- _Data for this task_
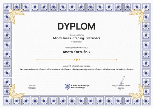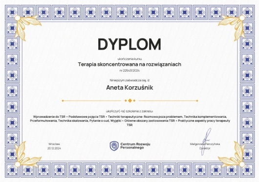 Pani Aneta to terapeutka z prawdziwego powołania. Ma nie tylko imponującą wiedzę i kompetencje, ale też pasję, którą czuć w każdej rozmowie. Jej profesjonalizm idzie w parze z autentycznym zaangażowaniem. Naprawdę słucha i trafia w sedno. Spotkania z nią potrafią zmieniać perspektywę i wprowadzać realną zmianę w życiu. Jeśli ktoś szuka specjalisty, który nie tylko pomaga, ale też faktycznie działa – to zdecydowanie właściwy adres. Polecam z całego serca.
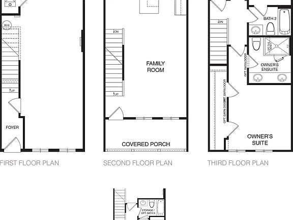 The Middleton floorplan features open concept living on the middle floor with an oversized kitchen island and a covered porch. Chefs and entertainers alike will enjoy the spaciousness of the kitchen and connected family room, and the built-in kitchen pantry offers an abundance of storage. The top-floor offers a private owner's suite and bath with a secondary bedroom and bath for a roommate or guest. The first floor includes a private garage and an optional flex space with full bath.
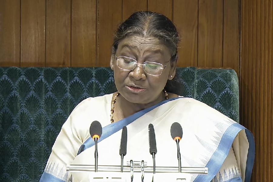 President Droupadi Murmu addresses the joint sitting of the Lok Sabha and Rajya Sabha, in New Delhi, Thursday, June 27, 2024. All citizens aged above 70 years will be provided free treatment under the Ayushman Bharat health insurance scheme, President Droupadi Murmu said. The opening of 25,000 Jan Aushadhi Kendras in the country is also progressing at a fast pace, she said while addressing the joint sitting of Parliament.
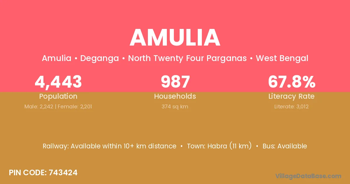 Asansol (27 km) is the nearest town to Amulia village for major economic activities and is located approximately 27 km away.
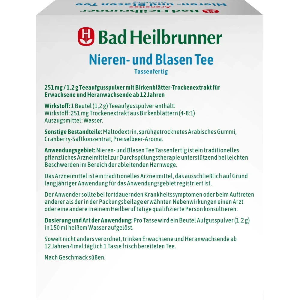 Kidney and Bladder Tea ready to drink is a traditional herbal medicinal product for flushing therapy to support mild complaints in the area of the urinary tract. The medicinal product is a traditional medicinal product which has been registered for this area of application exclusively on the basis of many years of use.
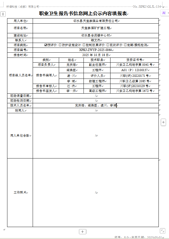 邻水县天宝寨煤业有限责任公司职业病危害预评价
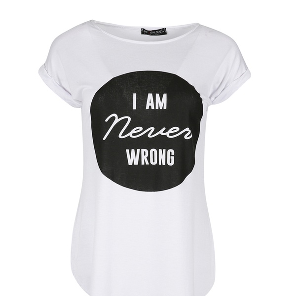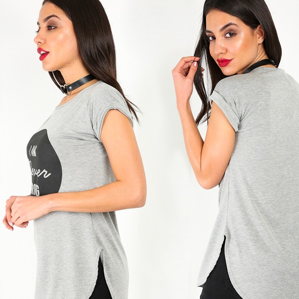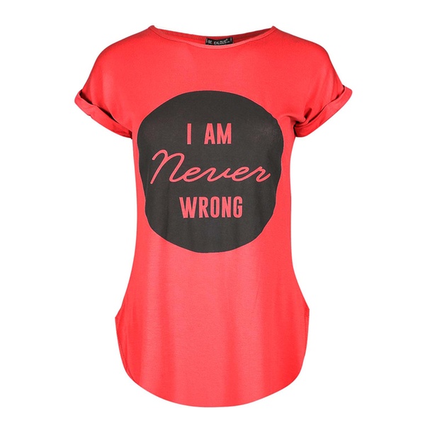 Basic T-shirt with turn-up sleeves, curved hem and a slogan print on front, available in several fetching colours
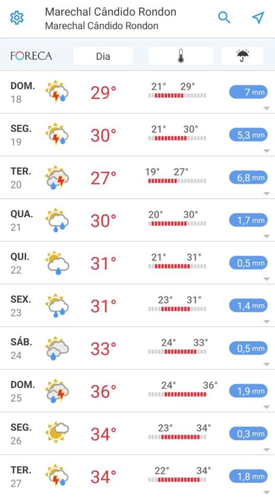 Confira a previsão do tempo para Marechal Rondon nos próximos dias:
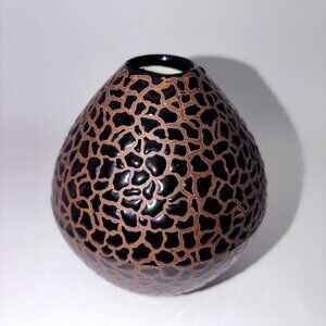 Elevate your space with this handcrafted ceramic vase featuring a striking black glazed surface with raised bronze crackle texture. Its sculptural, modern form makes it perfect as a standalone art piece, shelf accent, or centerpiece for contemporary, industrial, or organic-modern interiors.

- _Task objective_
When you copy the records above, keep every word exact and drop the pictures.

- _Answer to this problem_
 Pani Aneta to terapeutka z prawdziwego powołania. Ma nie tylko imponującą wiedzę i kompetencje, ale też pasję, którą czuć w każdej rozmowie. Jej profesjonalizm idzie w parze z autentycznym zaangażowaniem. Naprawdę słucha i trafia w sedno. Spotkania z nią potrafią zmieniać perspektywę i wprowadzać realną zmianę w życiu. Jeśli ktoś szuka specjalisty, który nie tylko pomaga, ale też faktycznie działa – to zdecydowanie właściwy adres. Polecam z całego serca.
 The Middleton floorplan features open concept living on the middle floor with an oversized kitchen island and a covered porch. Chefs and entertainers alike will enjoy the spaciousness of the kitchen and connected family room, and the built-in kitchen pantry offers an abundance of storage. The top-floor offers a private owner's suite and bath with a secondary bedroom and bath for a roommate or guest. The first floor includes a private garage and an optional flex space with full bath.
 President Droupadi Murmu addresses the joint sitting of the Lok Sabha and Rajya Sabha, in New Delhi, Thursday, June 27, 2024. All citizens aged above 70 years will be provided free treatment under the Ayushman Bharat health insurance scheme, President Droupadi Murmu said. The opening of 25,000 Jan Aushadhi Kendras in the country is also progressing at a fast pace, she said while addressing the joint sitting of Parliament.
 Asansol (27 km) is the nearest town to Amulia village for major economic activities and is located approximately 27 km away.
 Kidney and Bladder Tea ready to drink is a traditional herbal medicinal product for flushing therapy to support mild complaints in the area of the urinary tract. The medicinal product is a traditional medicinal product which has been registered for this area of application exclusively on the basis of many years of use.
 邻水县天宝寨煤业有限责任公司职业病危害预评价
 Basic T-shirt with turn-up sleeves, curved hem and a slogan print on front, available in several fetching colours
 Confira a previsão do tempo para Marechal Rondon nos próximos dias:
 Elevate your space with this handcrafted ceramic vase featuring a striking black glazed surface with raised bronze crackle texture. Its sculptural, modern form makes it perfect as a standalone art piece, shelf accent, or centerpiece for contemporary, industrial, or organic-modern interiors.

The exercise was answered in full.